Docker容器健康检查日志:stable-diffusion-webui-docker状态变化记录

Docker容器健康检查日志:stable-diffusion-webui-docker状态变化记录

【免费下载链接】stable-diffusion-webui-docker Easy Docker setup for Stable Diffusion with user-friendly UI 【免费下载链接】stable-diffusion-webui-docker 项目地址: https://gitcode.com/gh_mirrors/st/stable-diffusion-webui-docker

容器状态监控体系概述

你是否曾遭遇Stable Diffusion服务突然中断却无从排查?本文将系统讲解如何通过Docker生态工具链构建容器健康监控系统,实现对stable-diffusion-webui-docker项目的全生命周期状态追踪。
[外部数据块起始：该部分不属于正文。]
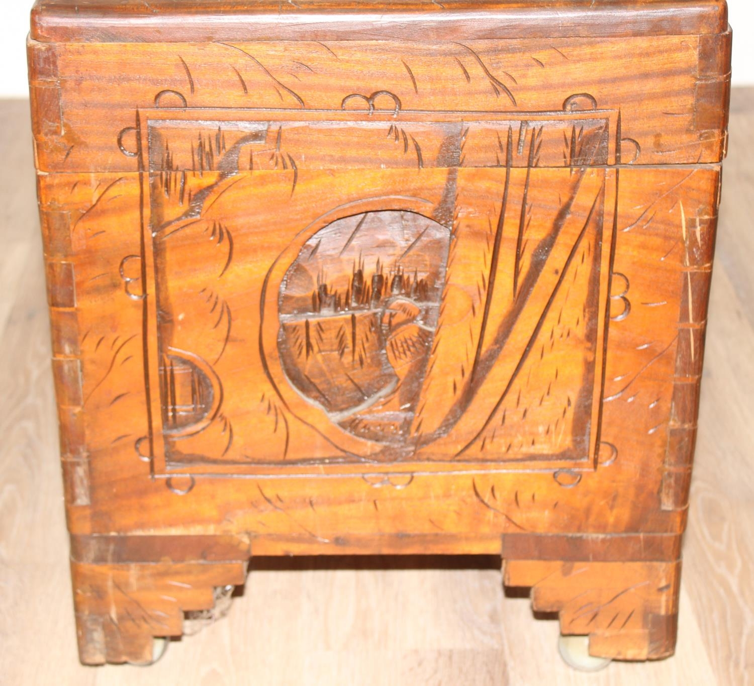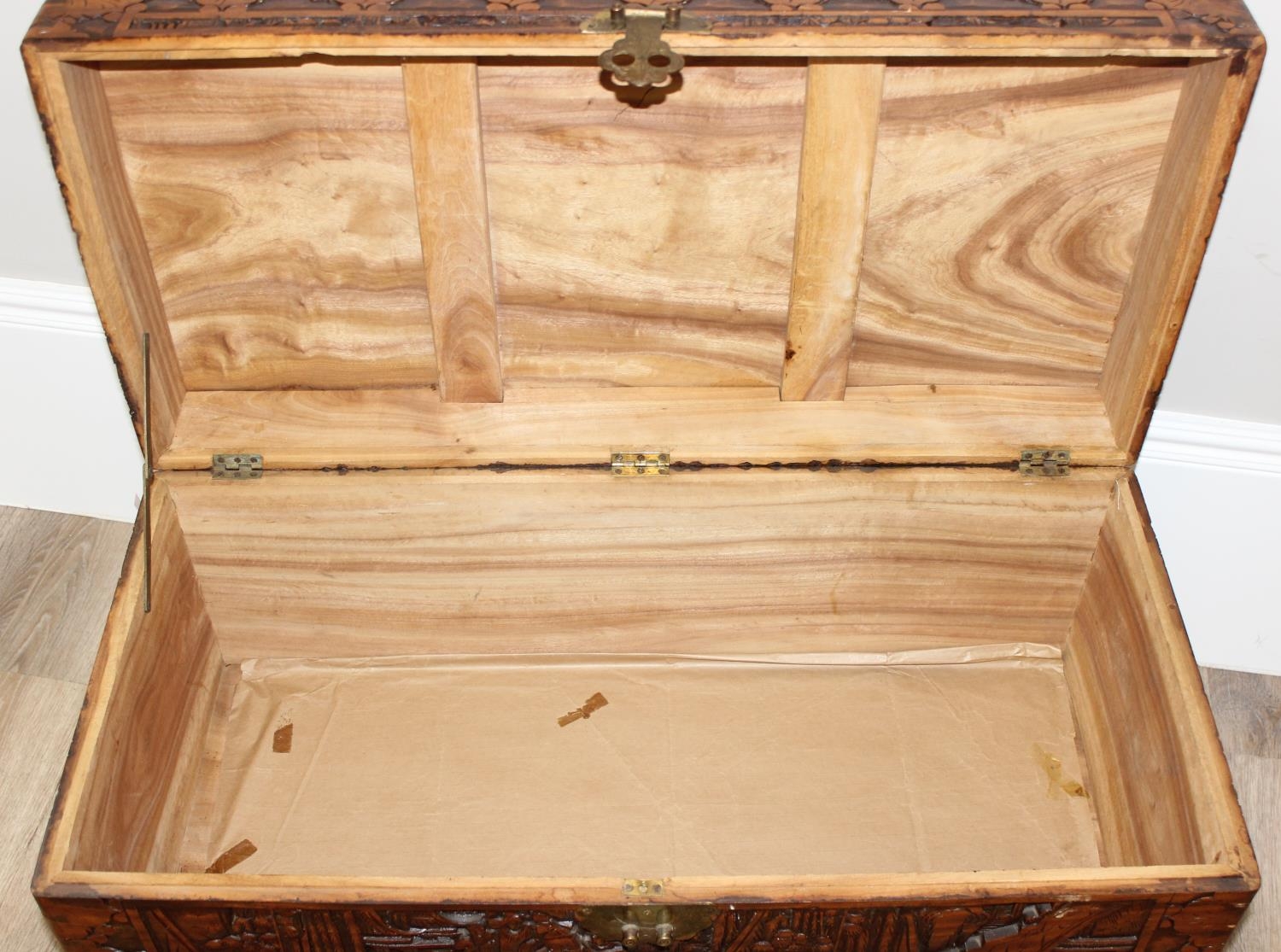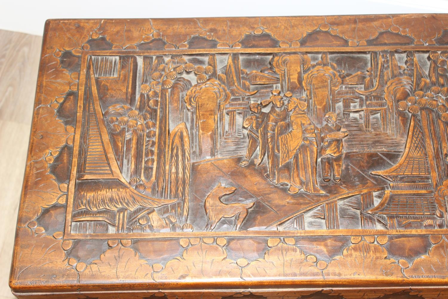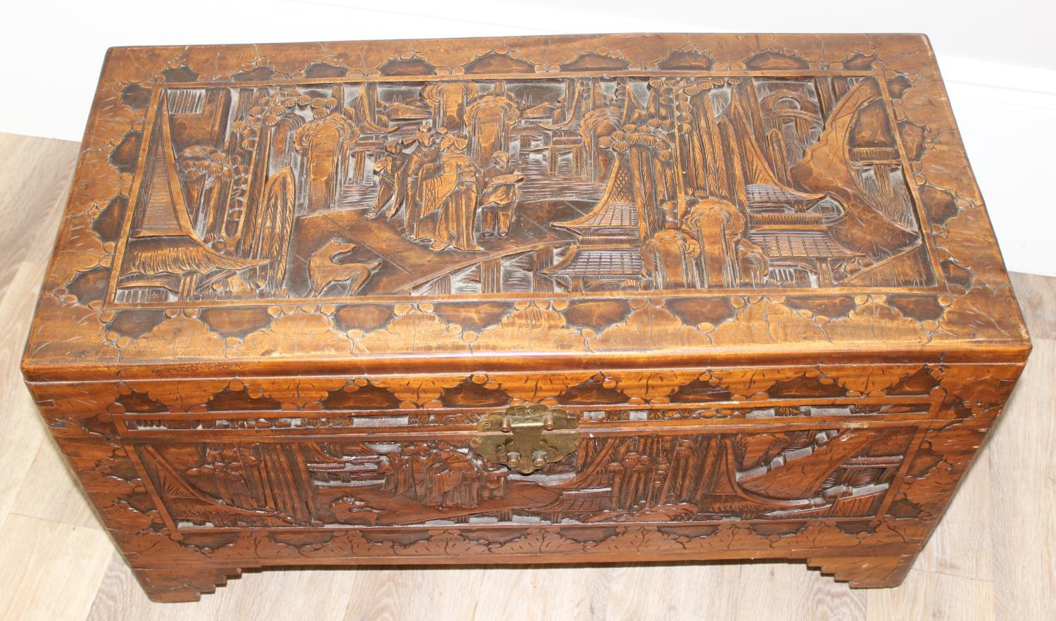 An Oriental carved camphorwood chest, early-mid 20th century, approx 88cm wide x 44cm deep x 52cm tall
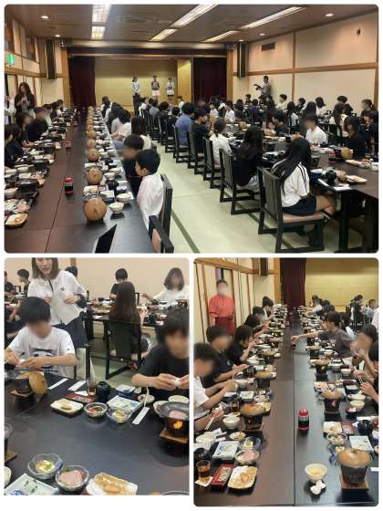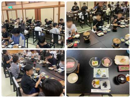 イカのお造りやあおさのお味噌汁など海の食材。それから、自分で卵を割って、目玉焼きかスクランブルエッグを作る経験もしました。しっかり食べて、元気に活動しましょう。
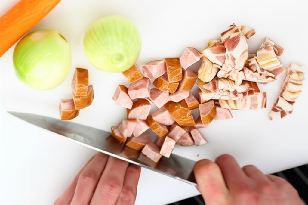 Pokrój boczek i kiełbasę w kostki, cebulę posiekaj, marchewkę obierz i pokrój w kostki.
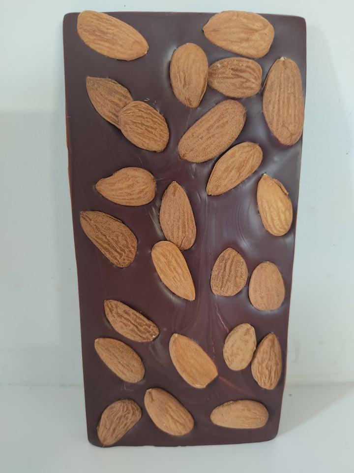 Tablette de chocolat noir 70% biologique et équitable, amande d'Espagne. pur beurre de cacao.
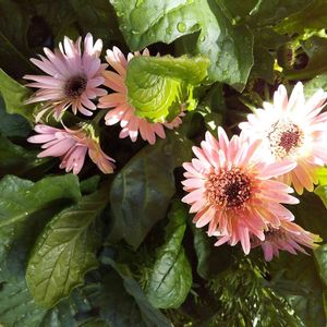 ペチュニアホイップマカロン レ・ミルティーユ とピンクのガーベラ ペチュニアはカリブラコアよりは復活が早いものの、やっぱり綺麗な形で全体をバランス良く咲かせるのがむずかしいです。どうしても偏ってしまいます。 皆さんどうしてあんなに綺麗に咲かせることができるんでしょう。 左のガーベラは3色が一緒に咲き揃うことがなかなかなく、順番に開花していきます。 今は中ぐらいピンクが開花中です。
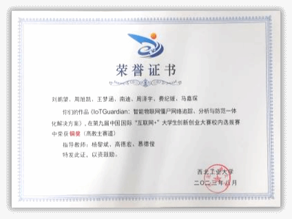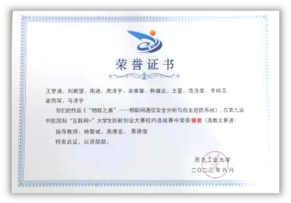 2021年,王梦涵从77779193永利官网集团保送至本院攻读硕士研究生,师从杨黎斌副教授,针对网络威胁情报领域开展了深入研究,发表论文2篇,取得发明专利受理5项。主持永利集团硕士研究生实践创新能力培育基金1项、永利集团2023年“互联网+”大学生创新创业种子项目1项。立足本专业,带队参加“互联网+”大学生创新创业大赛、电子商务“创新、创意及创业”挑战赛、“翱翔杯”研究生电子设计大赛、“三航杯”大学生课外学术科技作品竞赛等,累计获得国家级三等奖1项、省部级一等奖1项、二等奖2项、校级特等奖1项、二等奖2项、三等奖5项。获国家奖学金、小米优秀专项奖学金、校设一等奖学金等,连续两年获评校级优秀研究生。
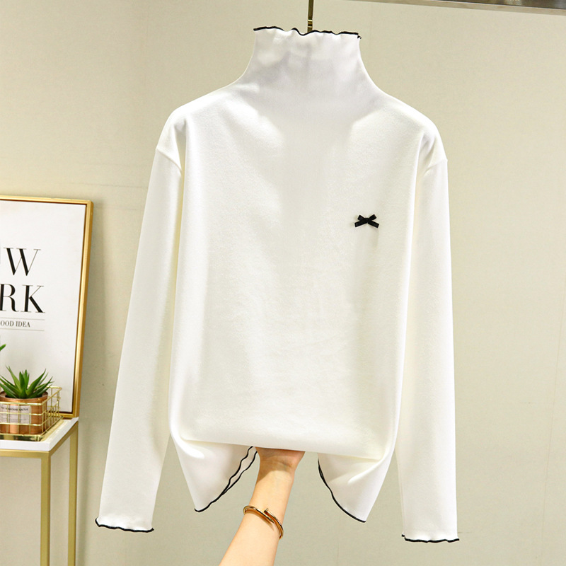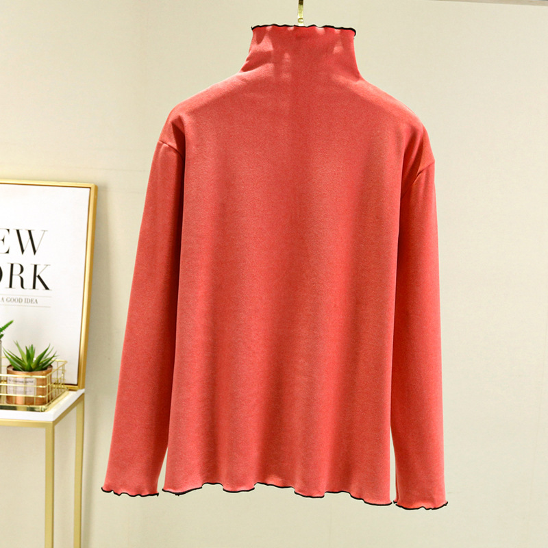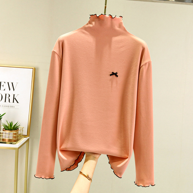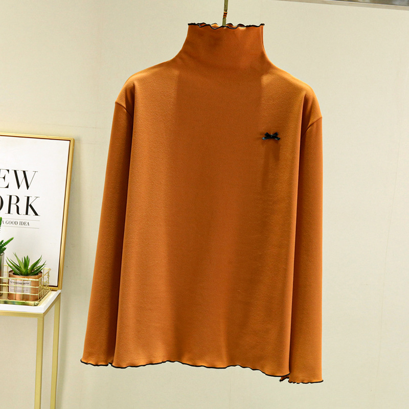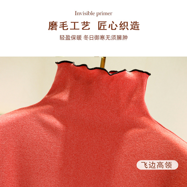 하이 칼라 베이스 셔츠 여성용 벨벳 긴팔 티셔츠 슬림핏 슬리밍 탑 가을과 겨울 두꺼운 기모 난방 따뜻한 옷
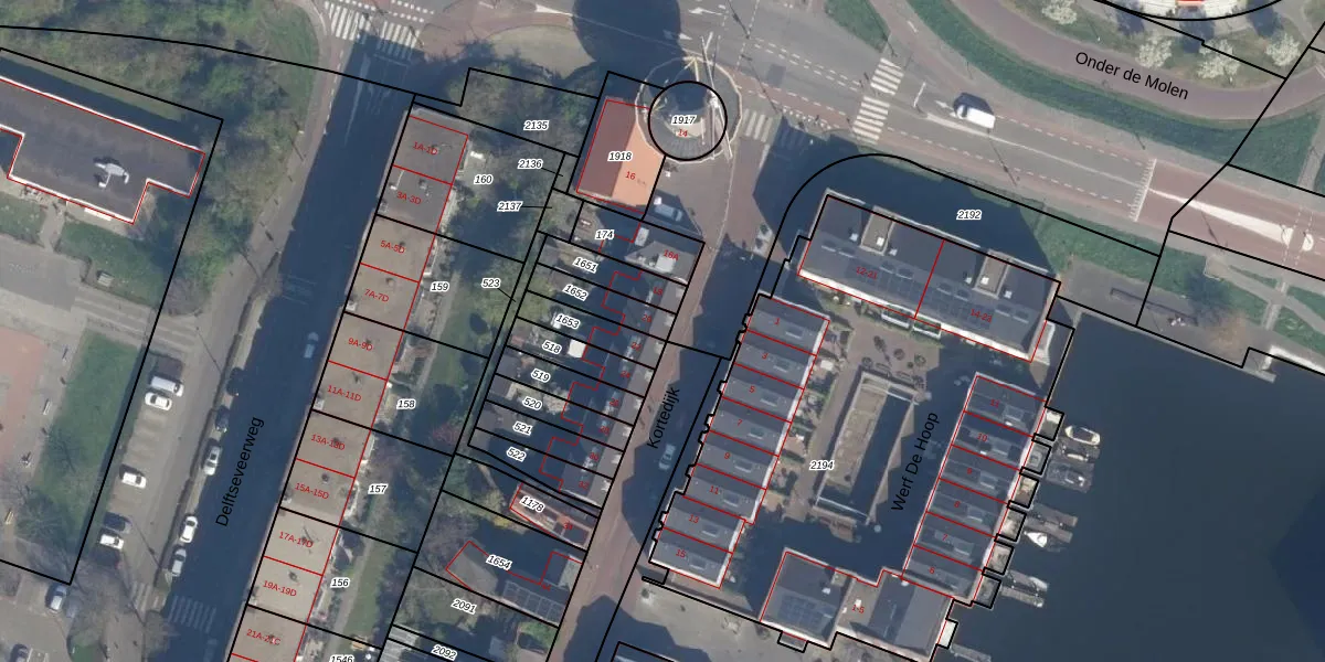 Het perceel waarop Kortedijk 20 staat heeft een oppervlakte van 98 m². Dit is een klein perceel. De perceeloppervlakte wordt geregistreerd door het Kadaster. Gedetailleerde informatie over de maten van dit perceel kunt u vinden in het rapport Kadastrale kaart met maatvoering van Kortedijk 20.
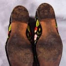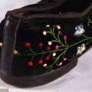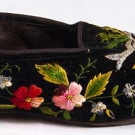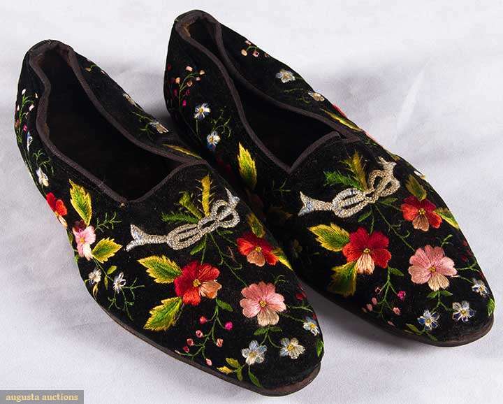 Black velvet, silk floss embroidered flowers & berries, leather soles & lining, 10.75" L, 3.5" Wd, (leather linings worn) exterior excellent.
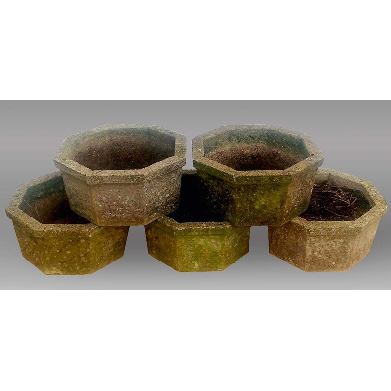 SET OF FIVE WEATHERED RECONSTITUTED STONE PLANTERS of hexagonal form, height approx. 20cm, width approx. 42cm (5)
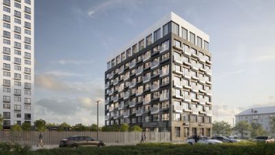 19-этажная архитектурная доминанта с эффектом паруса и камерная секция: французские балконы, сити-хаусы на 1-м этаже, 9 этажей в доме. Уступчатая структура формирует динамичный силуэт — новый акцент ул. Полевая. Металлические балконы создают градиент от тёмного к светлому, большие окна — панорамные виды на город.
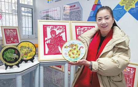 當(dāng)日,下站街道文化活動(dòng)室五顏六色、惟妙惟肖的彩色剪紙作品,也讓之前只見(jiàn)過(guò)紅色剪紙作品的記者眼前一亮?!斑@是染色剪紙。制作之前,需要先在白紙上起稿。剪出來(lái)后,會(huì)根據(jù)不同部位的特點(diǎn)進(jìn)行上色,讓作品更加生動(dòng)、更加活靈活現(xiàn)。”董淑芳介紹,這次剪紙活動(dòng)也是街道“非遺賀新春”主題活動(dòng)的一部分,圍繞蛇年主題系列進(jìn)行創(chuàng)作。
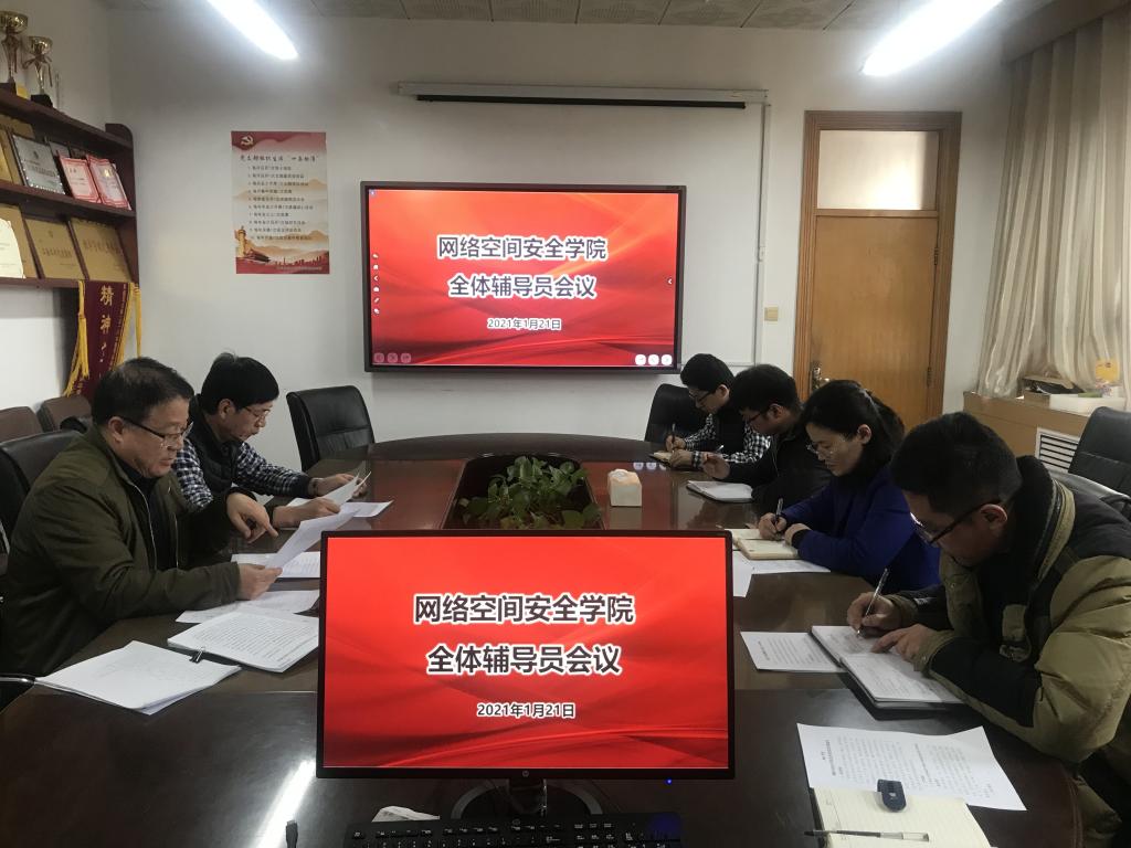 会议室召开全体辅导员会议。出席会议的有党委书记田云飞同志,党委副书记田凯同志,本科生各年级辅导员和研究生辅导员。本次会议总结了2020年度的学团工作,同时部署了2021年度的学生工作安排。

通过本文你将掌握:

  • 3类核心容器状态指标的采集方法
  • 5步实现服务异常自动告警
  • 9种常见故障的日志诊断模板
  • 完整的Docker Compose监控配置方案

基础监控架构设计

多维度监控矩阵

监控维度关键指标采集工具预警阈值
容器生命周期重启次数/退出码/运行时长Docker API10分钟内重启>3次
资源占用GPU显存/CPU负载/内存泄漏nvidia-smi/prometheus显存占用>90%持续5分钟
应用健康度HTTP响应码/推理延迟/队列长度curl/自定义探针5xx错误>5次/分钟

监控组件部署架构

mermaid

容器状态采集实现

Docker Compose监控配置

在原docker-compose.yml基础上添加监控服务栈:

version: '3.8'

services:
  # 原有Stable Diffusion服务配置
  auto: &automatic
    <<: *base_service
    profiles: ["auto"]
    build: ./services/AUTOMATIC1111
    image: sd-auto:78
    healthcheck:
      test: ["CMD", "curl", "-f", "http://localhost:7860/health"]
      interval: 30s
      timeout: 10s
      retries: 3
      start_period: 300s  # 首次健康检查延迟(模型加载时间)
    environment:
      - CLI_ARGS=--allow-code --medvram --xformers --enable-insecure-extension-access --api

  # 新增监控服务
  prometheus:
    image: prom/prometheus:v2.45.0
    volumes:
      - ./monitoring/prometheus.yml:/etc/prometheus/prometheus.yml
      - prometheus-data:/prometheus
    ports:
      - "9090:9090"
    command: --config.file=/etc/prometheus/prometheus.yml
    restart: unless-stopped

  grafana:
    image: grafana/grafana:10.1.0
    volumes:
      - grafana-data:/var/lib/grafana
    ports:
      - "3000:3000"
    environment:
      - GF_SECURITY_ADMIN_PASSWORD=admin
    depends_on:
      - prometheus
    restart: unless-stopped

volumes:
  prometheus-data:
  grafana-data:

自定义健康检查脚本

创建./monitoring/healthcheck.sh实现应用层健康检测:

#!/bin/bash
set -e

# 1. 基础网络连通性检查
if ! curl -s -o /dev/null "http://localhost:7860"; then
    echo "HTTP connectivity failed"
    exit 1
fi

# 2. API功能验证
API_RESPONSE=$(curl -s "http://localhost:7860/sdapi/v1/options")
if ! echo "$API_RESPONSE" | jq -e '.[]' > /dev/null; then
    echo "API endpoint invalid response"
    exit 1
fi

# 3. 推理能力测试(轻量请求)
INFERENCE_TEST=$(curl -s -X POST "http://localhost:7860/sdapi/v1/txt2img" \
  -H "Content-Type: application/json" \
  -d '{"prompt":"test", "steps":1, "batch_size":1, "width":64, "height":64}')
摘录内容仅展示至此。